I am trying to use deepspeed to do distillation; I initialize the student model using the deepspeed parameters, and I want a separate GPU to load the teacher model (this model is sufficiently big that I can’t fit both student and teacher in one GPU). The issue is I can’t place the teacher model on a GPU deepspeed is already using, because it has its own process to split the models.

I want to limit deepspeed to a set of GPUs by setting CUDA_VISIBLE_DEVICES=0,1,2, for example, and then reset os.environ[‘CUDA_VISIBLE_DEVICES’]=0,1,2,3 later in the code to allow the teacher model to be placed on a fresh, empty GPU3. But this gives me an error: " DeferredCudaCallError: CUDA call failed lazily at initialization with error: device >= 0 && device < num_gpus INTERNAL ASSERT FAILED at" or “CUDA invalid device ordinal”
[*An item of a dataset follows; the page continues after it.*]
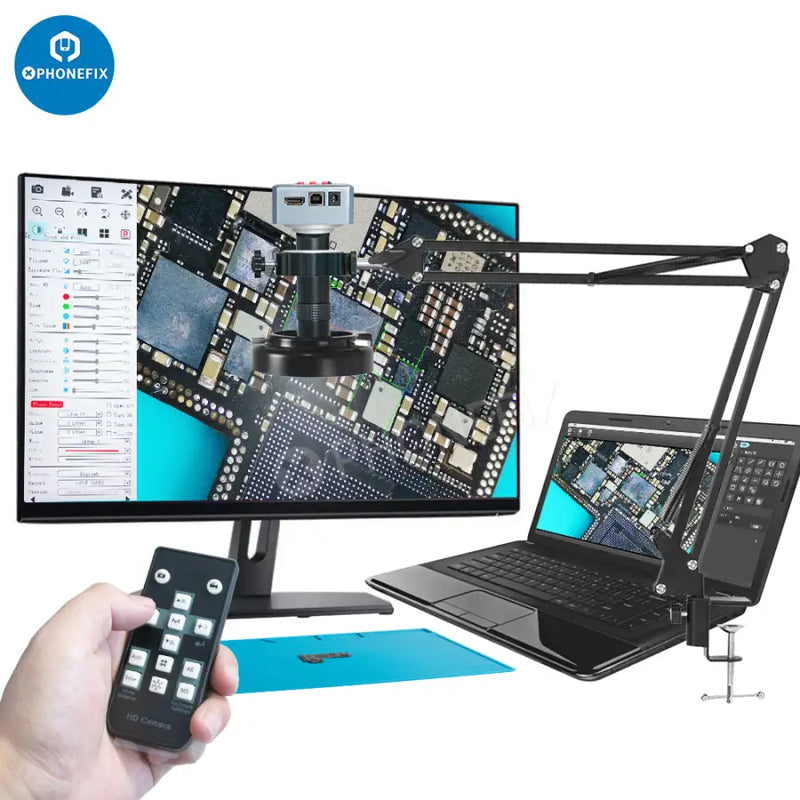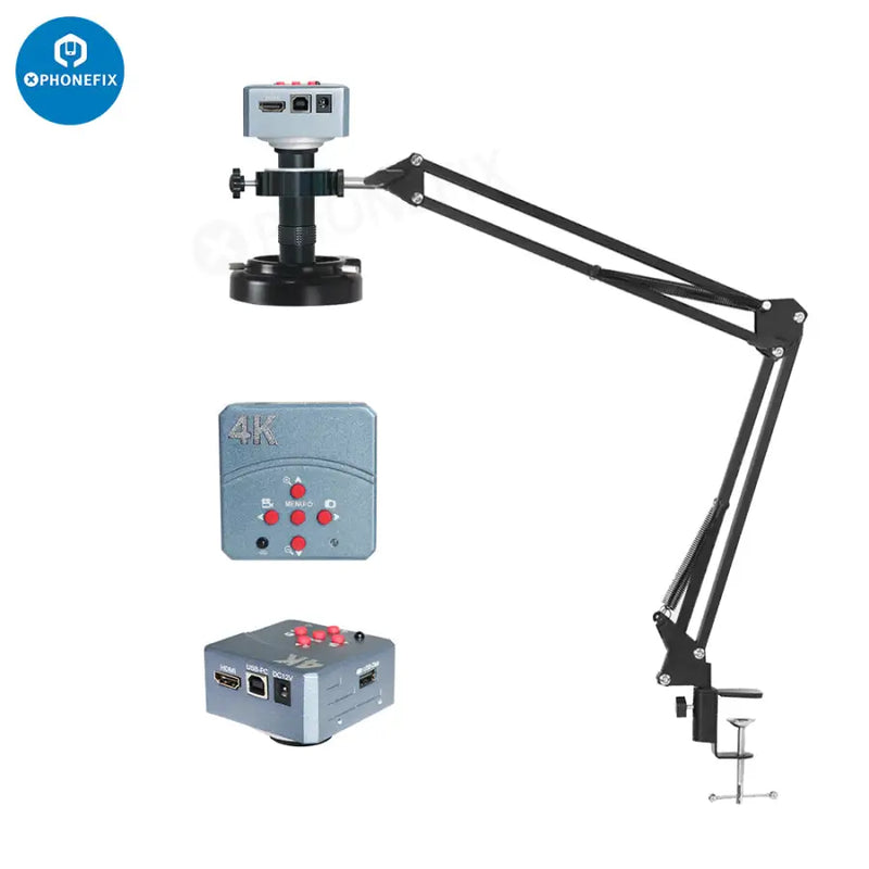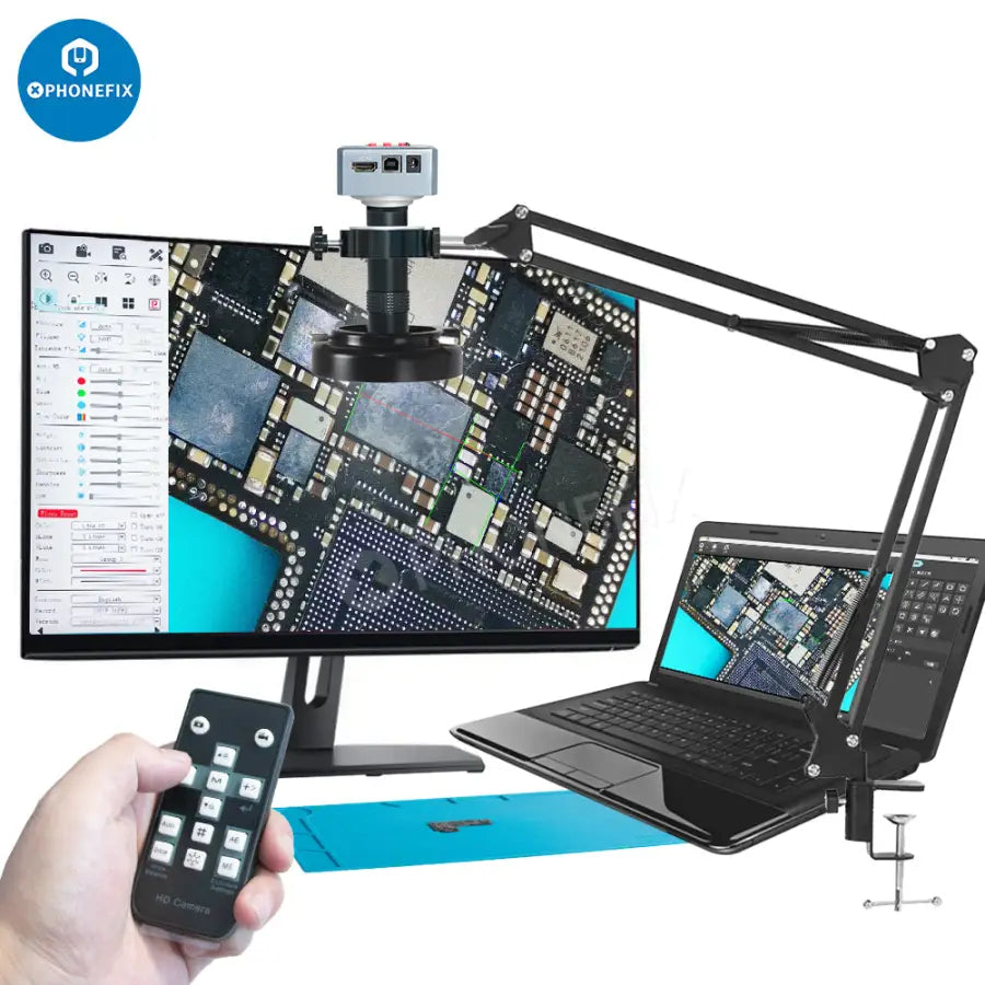 4K 60FPS 1/2" 1080P HDMI USB Industrial Video Digital Microscope Camera 130X Zoom C Mount Lens USB-PC Output Resolution 40MM 50MM Cantilever Stand 56 LED Light For Phone PCB Repair Soldering Live Streaming Video Teaching.

So is it possible to reset CUDA_VISIBLE_DEVICES later in the code?

I don’t think it’s safe/supported to reset CUDA_VISIBLE_DEVICES in the middle of script execution (e.g., after CUDA has been initialized): Os.environ ["CUDA_VISIBLE_DEVICES"] not functioning - #4 by albanD

If you want to restrict the number of GPUs deepspeed is using, I would check if e.g., setting the world_size parameter or something like nproc_per_node could achieve this.